In this example, we use the greedy selection method from Burt et al. (2020).
We do this by constructing an ARD kernel with the gpytorch
library. For our example, we manually set the lengthscale and outputscale of the kernel.
from src.inducing_point_selectors import ConditionalVarianceInducingPointSelector
kernel = gpytorch.kernels.ScaleKernel(gpytorch.kernels.RBFKernel())
kernel.base_kernel.lengthscale = 0.15
kernel.outputscale = 3.0
inducing_point_selector = ConditionalVarianceInducingPointSelector()
x_induce, induce_indices = inducing_point_selector(
x=x,
m=int(math.sqrt(number_of_points)),
kernel=kernel,
)
y_induce = y[induce_indices]
def plot_induce_data(
fig: plt.Figure,
ax: plt.Axes,
x: torch.Tensor,
y: torch.Tensor,
) -> Tuple[plt.Figure, plt.Axes]:
ax.scatter(x, y, label="inducing", color="black")
ax.set_xlabel("x")
ax.set_ylabel("y")
return fig, ax
fig, ax = plt.subplots(figsize=(8, 5))
fig, ax = plot_train_data(fig, ax, x, y)
fig, ax = plot_induce_data(fig, ax, x_induce, y_induce)
ax.set_title("Inducing Points Selection")
ax.legend()
plt.show()
We now construct the PLS model.
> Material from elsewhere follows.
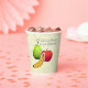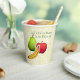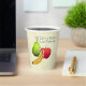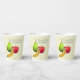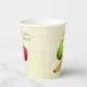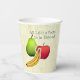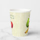 Yummy ! Ces tasses en papier cool sont ornées d'une peinture numérique originale de Leslie Sigal Javorek, retro-stylisée, avec un trio d'"autocollants" de fruits dressé contre une nappe en vinyle couleur coquille d'oeuf et la légende "All Life is a Picnic to be Joyed !"

This involves constructing the PLS kernel (kernel r in the paper), choosing a basis for our function space approximation, a cost function, and a link function. For this regression example, we use an orthonormal basis for our function space approximation, a Gaussian cost function, and an identity link function. Moreover, we must choose the observation noise for our Gaussian cost function. Having simulated the data, we know that the observation noise is 0.1, however we set it to 0.5 to demonstrate the tempering step later on.
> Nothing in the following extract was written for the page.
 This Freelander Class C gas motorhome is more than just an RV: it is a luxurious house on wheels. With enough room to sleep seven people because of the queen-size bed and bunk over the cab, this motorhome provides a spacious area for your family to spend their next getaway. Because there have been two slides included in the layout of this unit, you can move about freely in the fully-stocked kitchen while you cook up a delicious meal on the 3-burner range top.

from src.projected_langevin_sampling import PLSKernel
from src.projected_langevin_sampling.basis import OrthonormalBasis
from src.projected_langevin_sampling.costs import GaussianCost
from src.projected_langevin_sampling.link_functions import IdentityLinkFunction
from src.projected_langevin_sampling import ProjectedLangevinSampling
pls_kernel = PLSKernel(
base_kernel=kernel,
approximation_samples=x_induce,
)
onb_basis = OrthonormalBasis(
kernel=pls_kernel,
x_induce=x_induce,
x_train=x,
)
cost = GaussianCost(
observation_noise=0.5,
y_train=y,
link_function=IdentityLinkFunction(),
)
pls = ProjectedLangevinSampling(
basis=onb_basis,
cost=cost,
)
Next, we initialise the particles. We can visualise the initial particles below:
number_of_particles = 100
particles = pls.initialise_particles(
number_of_particles=number_of_particles,
seed=seed,
)
predicted_samples = pls.predict_samples(
x=x,
particles=particles,
).detach()
def plot_1d_particles(
fig: plt.Figure,
ax: plt.Axes,
x: torch.Tensor,
predicted_samples: torch.Tensor,
) -> Tuple[plt.Figure, plt.Axes]:
for i in range(min(predicted_samples.shape[1], 20)):
ax.plot(
x.reshape(-1),
predicted_samples[:, i].reshape(-1),
color="black",
alpha=0.15,
zorder=0,
label="particle" if i == 0 else None,
)
ax.set_xlabel("x")
ax.set_ylabel("y")
return fig, ax
fig, ax = plt.subplots(figsize=(8, 5))
fig, ax = plot_train_data(fig, ax, x, y)
fig, ax = plot_1d_particles(fig, ax, x, predicted_samples)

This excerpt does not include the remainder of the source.